__WHAT YOU HAVE TO DO__.
The data below should be retyped exactly, with the pictures left out.

__RECORDED INFORMATION__.
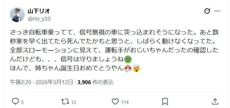 山下は「さっき自転車乗ってて、信号無視の車に突っ込まれそうになった」と書き出し、「あと数秒家を早く出てたら死んでたかもと思うと、しばらく動けなくなってた」と、ぼう然とした様子を振り返った。
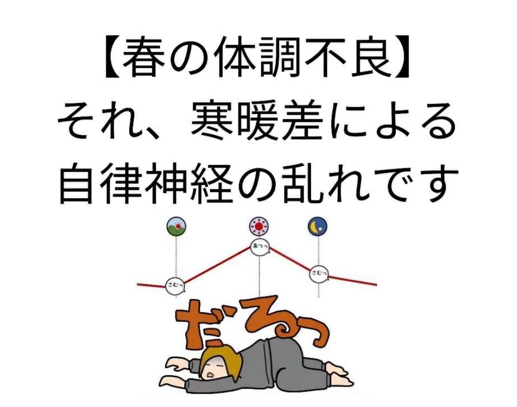 ・3月から4月のこの季節は、昼間はポカポカと暖かいのに、朝晩はひんやりと肌寒いですよね!日によっては20度以上の温度差がある日もあります。私たちの身体は、自動的に体温を一定に保とうと働いています。この調整をしているのは「自律神経」と呼ばれる神経です。でも、気温の変化が極端に大きすぎたりすると、その調整がうまくいかず、交感神経と副交感神経のバランスが崩れてしまうのです。これが「自律神経の乱れ」と言われる状態で、次のような症状を引き起こします。
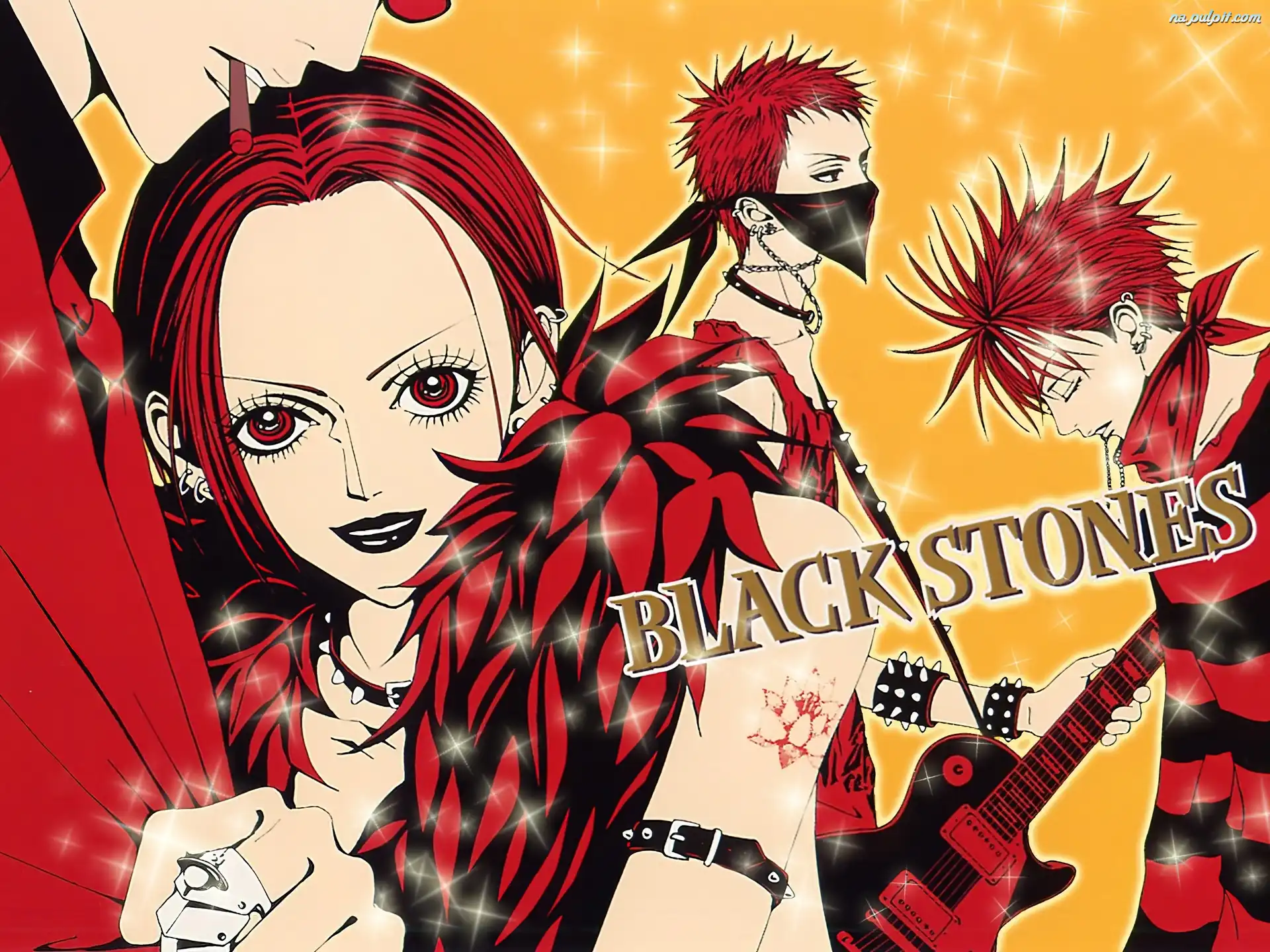 Nana, Hachi instrument, Nana, marynarka latarnia, Nana, budynek kolczyki, Nana, kolorowy tatuaż Nana, Anime pierścień, Nana, gitara rękawiczki, Nana, kozaki oczy, Nana, torebka golf, Nana, duże oczy żółte bolerko, Nana, czerwona obroża pasek, Nana, czerwone włosy dziewczyny, Nana, anime ciemne włosy, Nana, profil twarzy pałeczki, Nana, okulary
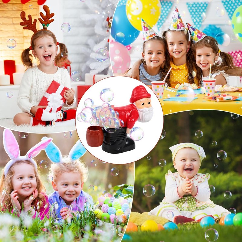 - Unique Gift & You Will Get: Present this entertaining Santa Bubble Machine to your beloved child, making the gift unforgettable with their laughter and magical bubbles! You will receive: 1Santa Bubble Machine, 1bottle of bubble solution. Each Santa Bubble Machine is nestled in a festive colored box, making it an ideal gift for friends, family, or hosts of holiday gatherings
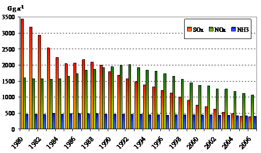 La maggiore riduzione si è verificata a partire dai primi anni '90, grazie alla ripresa economica dell'est europeo. La diminuzione nelle emissioni ha avuto come risultato quello di ridurre i livelli di inquinamento atmosferico e, nel complesso, ambientale. La riduzione di solfato in aria e nelle deposizioni, che ha portato ad un incremento del pH delle piogge, è diminuita anche se non altrettanto marcatamente come le emissioni (Fig.5).

__TASK SOLUTION__.
 山下は「さっき自転車乗ってて、信号無視の車に突っ込まれそうになった」と書き出し、「あと数秒家を早く出てたら死んでたかもと思うと、しばらく動けなくなってた」と、ぼう然とした様子を振り返った。
 ・3月から4月のこの季節は、昼間はポカポカと暖かいのに、朝晩はひんやりと肌寒いですよね!日によっては20度以上の温度差がある日もあります。私たちの身体は、自動的に体温を一定に保とうと働いています。この調整をしているのは「自律神経」と呼ばれる神経です。でも、気温の変化が極端に大きすぎたりすると、その調整がうまくいかず、交感神経と副交感神経のバランスが崩れてしまうのです。これが「自律神経の乱れ」と言われる状態で、次のような症状を引き起こします。
 Nana, Hachi instrument, Nana, marynarka latarnia, Nana, budynek kolczyki, Nana, kolorowy tatuaż Nana, Anime pierścień, Nana, gitara rękawiczki, Nana, kozaki oczy, Nana, torebka golf, Nana, duże oczy żółte bolerko, Nana, czerwona obroża pasek, Nana, czerwone włosy dziewczyny, Nana, anime ciemne włosy, Nana, profil twarzy pałeczki, Nana, okulary
 - Unique Gift & You Will Get: Present this entertaining Santa Bubble Machine to your beloved child, making the gift unforgettable with their laughter and magical bubbles! You will receive: 1Santa Bubble Machine, 1bottle of bubble solution. Each Santa Bubble Machine is nestled in a festive colored box, making it an ideal gift for friends, family, or hosts of holiday gatherings
 La maggiore riduzione si è verificata a partire dai primi anni '90, grazie alla ripresa economica dell'est europeo. La diminuzione nelle emissioni ha avuto come risultato quello di ridurre i livelli di inquinamento atmosferico e, nel complesso, ambientale. La riduzione di solfato in aria e nelle deposizioni, che ha portato ad un incremento del pH delle piogge, è diminuita anche se non altrettanto marcatamente come le emissioni (Fig.5).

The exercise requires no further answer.